◆ Goal of the exercise ◆
Take the line containing "Cruciadele au fost" and every line after it to the end of the material below; reproduce them exactly, without pictures.

◆ Data to process ◆
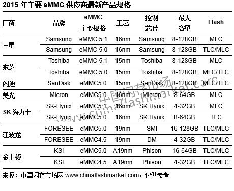 2015年2月J EDEC固态技术协会发布eMMC5.1规范,三星和东芝率先推出eMMC5.1,三星采用16nm量产TLC/MLC eMMC 5.1,东芝eMMC 5.1采用最新15nm工艺,提供128GB大容量满足市场需求,下半年开始采用15nm TLC量产eMMC降低成本。闪迪、SK海力士、美光等eMMC 5.0则采用1ynm TLC降低成本,同时江波龙、金士顿等模组厂也进入eMMC5.0量产出货阶段,加速市场由eMMC4.5全面向eMMC5.0普及。
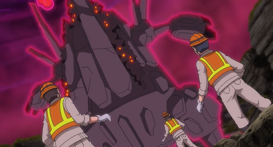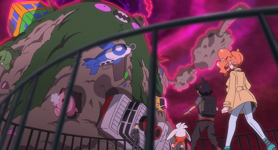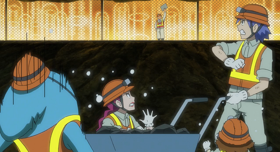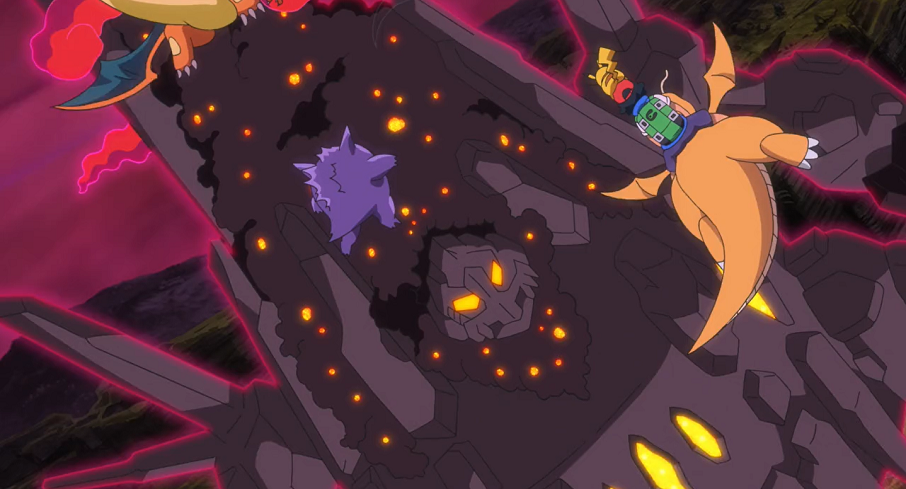 Ash und Delion gelingt es gemeinsam mit Pikachu und Gengar sowie Delions Katapuldra, das Gigadynamax-Montecarbo zu besiegen und somit zu stoppen. Als die Arbeiter wütend Steine nach dem zurückverwandelten Montecarbo werfen, stellt sich Ash schützend vor es. Einen Augenblick später tauchen Rose und Olivia auf, die Delion und Ash zu ihrem erfolgreichen Einsatz gratulieren. Delion stellt Ash Rose, der angibt, nur aufgrund einer Inspektion zufällig dort zu sein, als Chef von Macro Cosmos, das für die Energieversorgung der Galar-Region zuständig sei, vor. Rose sei zudem der Förderer Delions, weshalb dieser ihm viel zu verdanken habe. Rose erklärt, er sei sich nicht sicher, ob die Vorkommnisse nicht sogar gut für Galars Zukunft seien und lädt den hungrigen Ash daraufhin zum Essen ein.
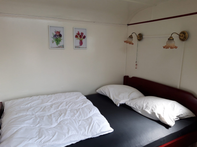 El Pipowagen Snuf tiene una habitación principal con cama de matrimonio equipada con un colchón grueso (2,00 x 1,40). También hay una habitación con literas (1,90×0,80).
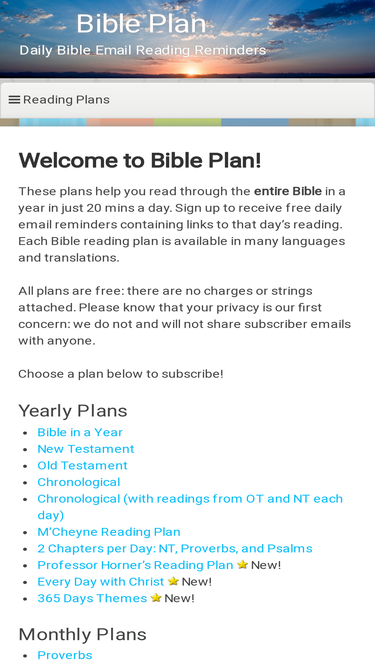 helping you read through the entire bible in a year. sign up to receive free daily email reminders containing one or more links to that day's reading.
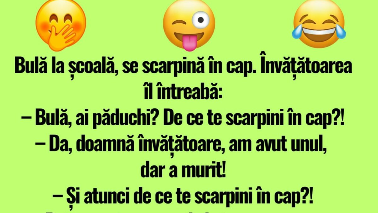 Azi e luni, considerată a fi una dintre cele mai grele și neplăcute zile din săptămână, așa că echipa CANCAN.ro a decis să vă amuze! Avem pentru voi un banc haios, cu deja celebrul Bulă, care face ce face și le comite! De data asta, e la școală și are o problemă extrem de neplăcută… și anume păduchi!
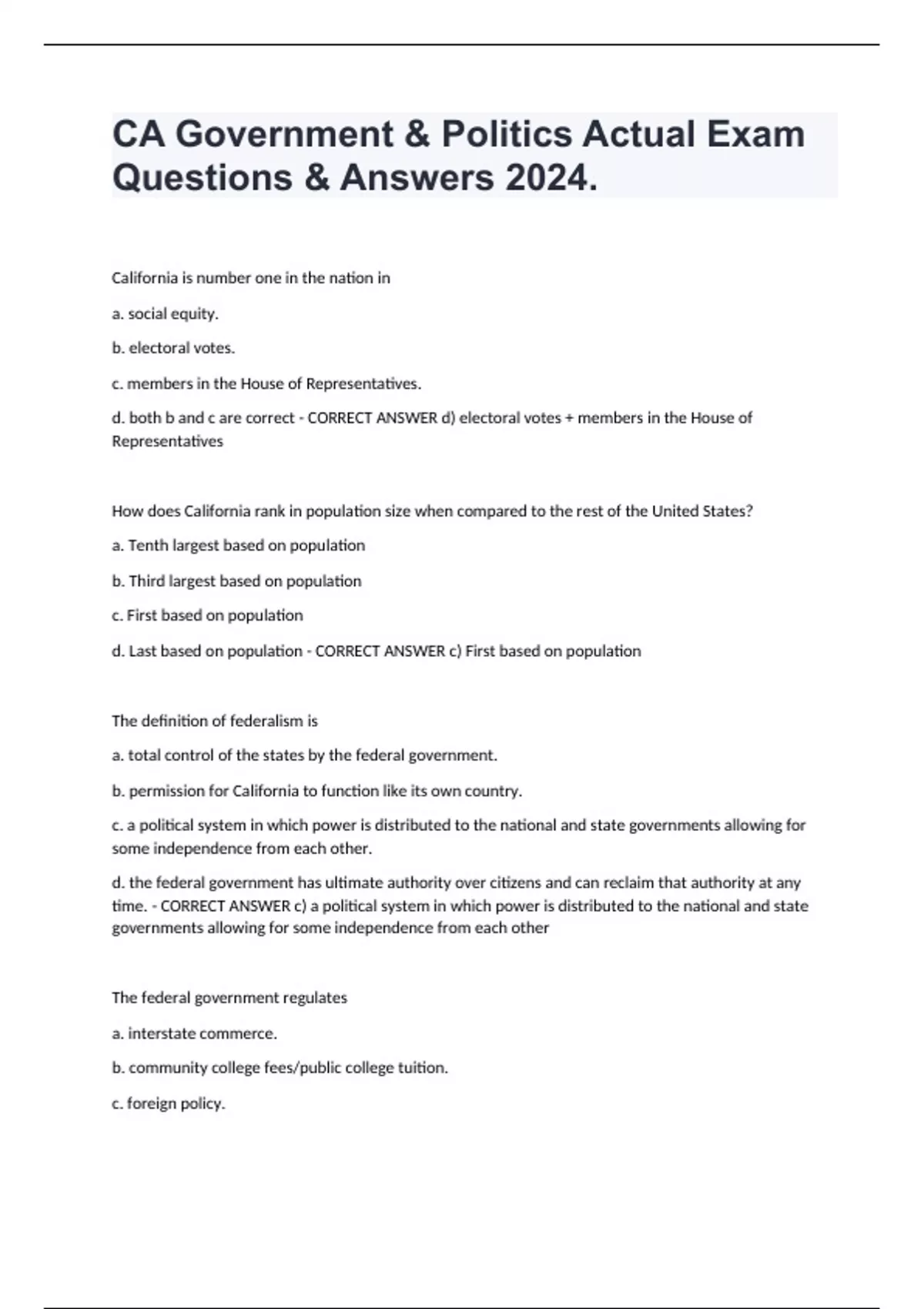 CA Government & Politics Actual Exam Questions & Answers 2024. California is number one in the nation in a. social equity. b. electoral votes. c. members in the House of Representatives. d. both b and c are correct - CORRECT ANSWER d) electoral votes + members in the House of Representatives How does California rank in population size when compared to the rest of the United States? a. Tenth largest based on population b. Third largest based on population c. First based on population d. Last based on population - CORRECT ANSWER c) First based on population The definition of federalism is a. total control of the states by the federal government. b. permission for California to function like its own country. c. a political system in which power is distributed to the national and state governments allowing for some independence from each other. d. the federal government has ultimate authority over citizens and can reclaim that authority at any time. - CORRECT ANSWER c) a political system in which power is distributed to the national and state governments allowing for some independence from each other The federal government regulates a. interstate commerce. b. community college fees/public college tuition. c. foreign policy. d. Both A and D are correct. - CORRECT ANSWER d) interstate commerce The state determines the grounds for a. divorce. b. defense spending. c. immigration law. d. interstate commerce. - CORRECT ANSWER a) divorce Each Californian lives in several election jurisdictions, including a congressional district, a state Senate district, an assembly district, a county supervisorial district, plus a city and a school and/or community college district. - CORRECT ANSWER true
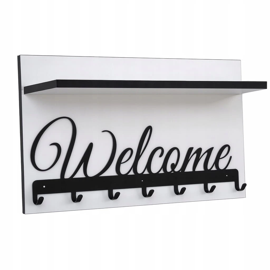Nowoczesny i elegancki wieszak wiszący w kolorze Biały Zimny + PCV Czarny o szerokości 60 cm, idealny do przedpokoju, garderoby lub biura.
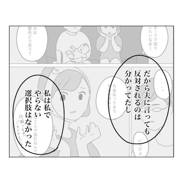 無事手術を終え、家族にバレずに帰宅することができました。しかし翌日の朝、息子のひょんなイタズラで、夫に美容整形の同意書が見つかってしまいます。夫に説明を求められ、焦りますが、整形に後悔のないもいもいさんは自分の思いを伝えることにします。
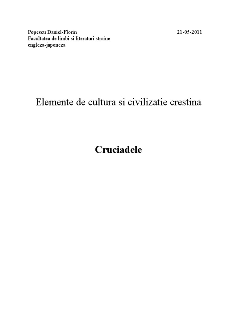 Cruciadele au fost operatiuni militare de cea mai mare anvergura pe care le-a
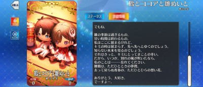 その後カルデア側で召喚できたんじゃないんかいお返しイベント回収中に思ったけど、
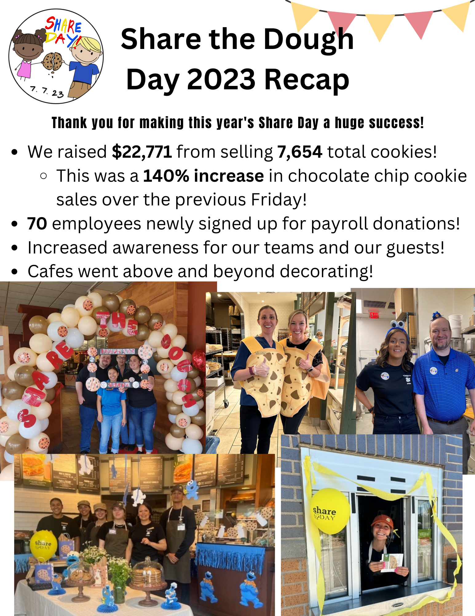 Share the Dough Day 2023 Recap! Rachel FlanaganJuly 13, 2023 Facebook0 Twitter LinkedIn0 Reddit Tumblr Pinterest0 0 Likes
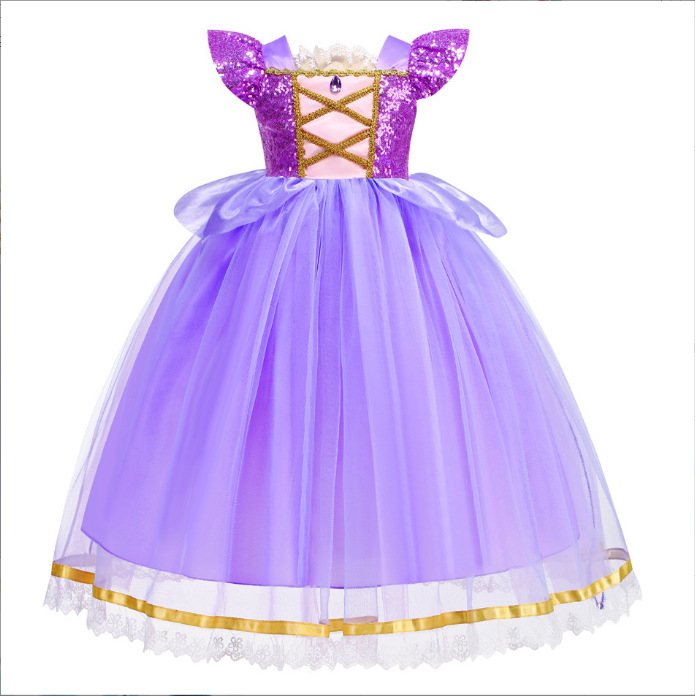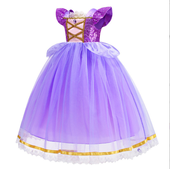 Длинноволосая европейская и американская юбка принцессы Золотой большой лук пушистый юбка Фиолетовая кружевная юбка
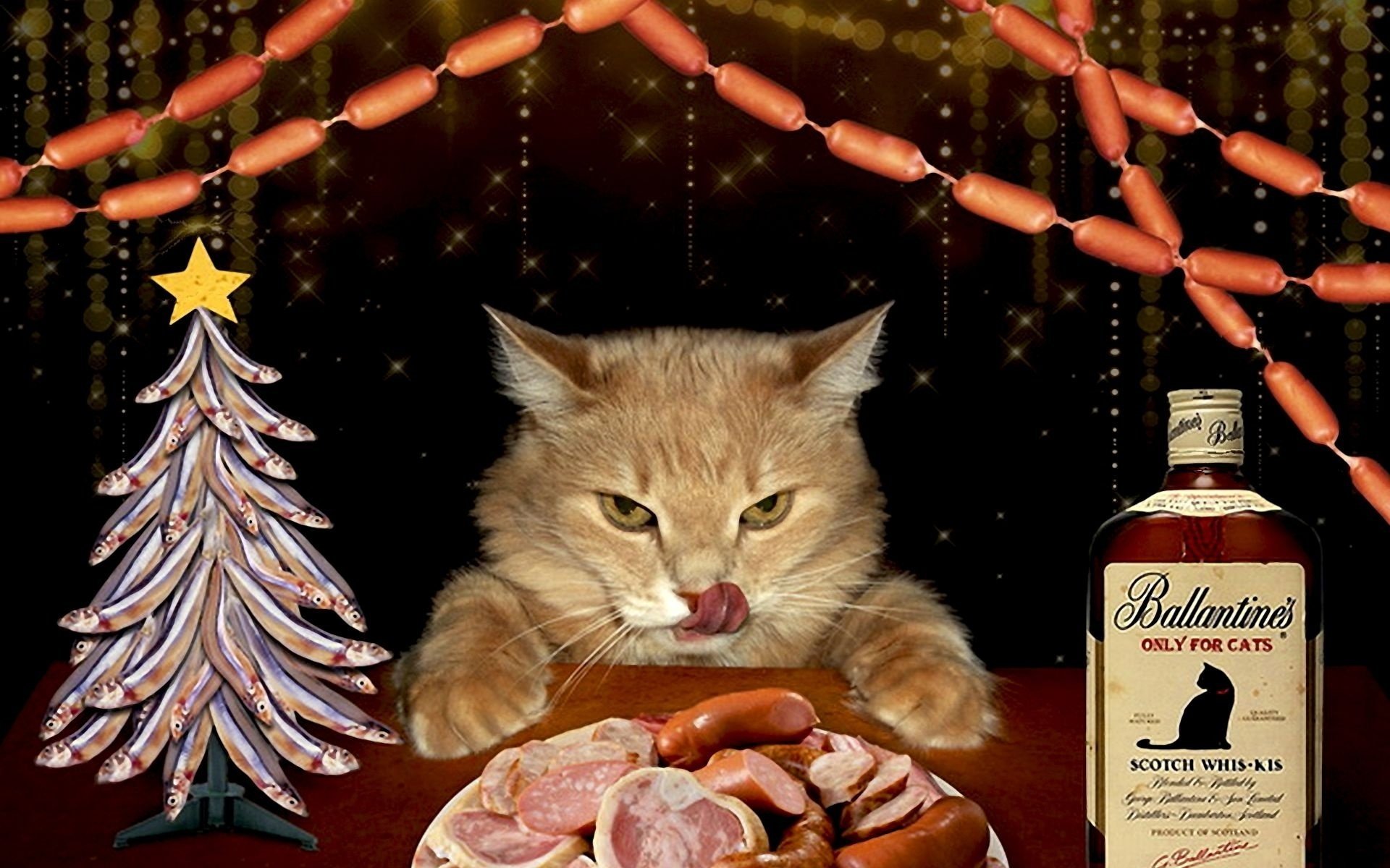 Fête chez le chat. Table du nouvel an - fond d'écran de téléphone
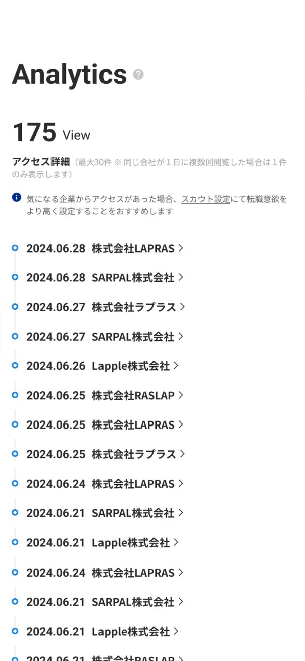 あなたのポートフォリオを閲覧した企業名を履歴として確認できるので、気になる企業を確認しましょう
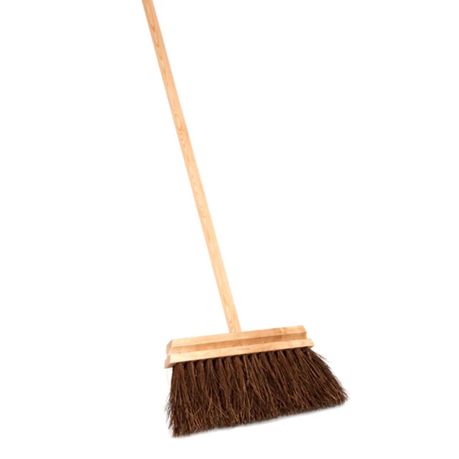 Brokvast i björk och bassine. Behändig kvast att sopa både grus, löv och snö med.
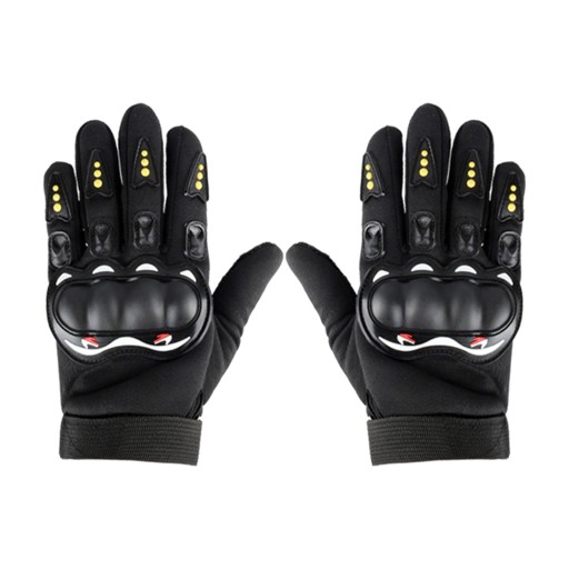 На долоні рукавичок для скейтборду є зерниста матова тканина, яка захищає суглоби пальців і тильну сторону долоні від тертя, десять пальців можуть додати маленькі повзунки
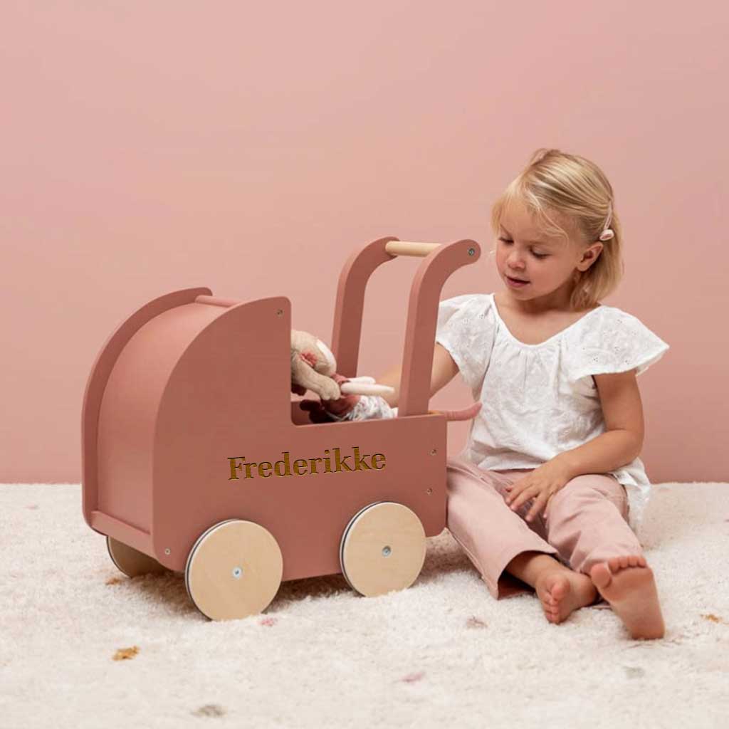 Personliggør dukkevognen med navn på barnet, hvilket gør det oplagt som en gaveidé til barnets barnedåb/fødselsdag.

◆ Written solution ◆
 Cruciadele au fost operatiuni militare de cea mai mare anvergura pe care le-a
 その後カルデア側で召喚できたんじゃないんかいお返しイベント回収中に思ったけど、
 Share the Dough Day 2023 Recap! Rachel FlanaganJuly 13, 2023 Facebook0 Twitter LinkedIn0 Reddit Tumblr Pinterest0 0 Likes
 Длинноволосая европейская и американская юбка принцессы Золотой большой лук пушистый юбка Фиолетовая кружевная юбка
 Fête chez le chat. Table du nouvel an - fond d'écran de téléphone
 あなたのポートフォリオを閲覧した企業名を履歴として確認できるので、気になる企業を確認しましょう
 Brokvast i björk och bassine. Behändig kvast att sopa både grus, löv och snö med.
 На долоні рукавичок для скейтборду є зерниста матова тканина, яка захищає суглоби пальців і тильну сторону долоні від тертя, десять пальців можуть додати маленькі повзунки
 Personliggør dukkevognen med navn på barnet, hvilket gør det oplagt som en gaveidé til barnets barnedåb/fødselsdag.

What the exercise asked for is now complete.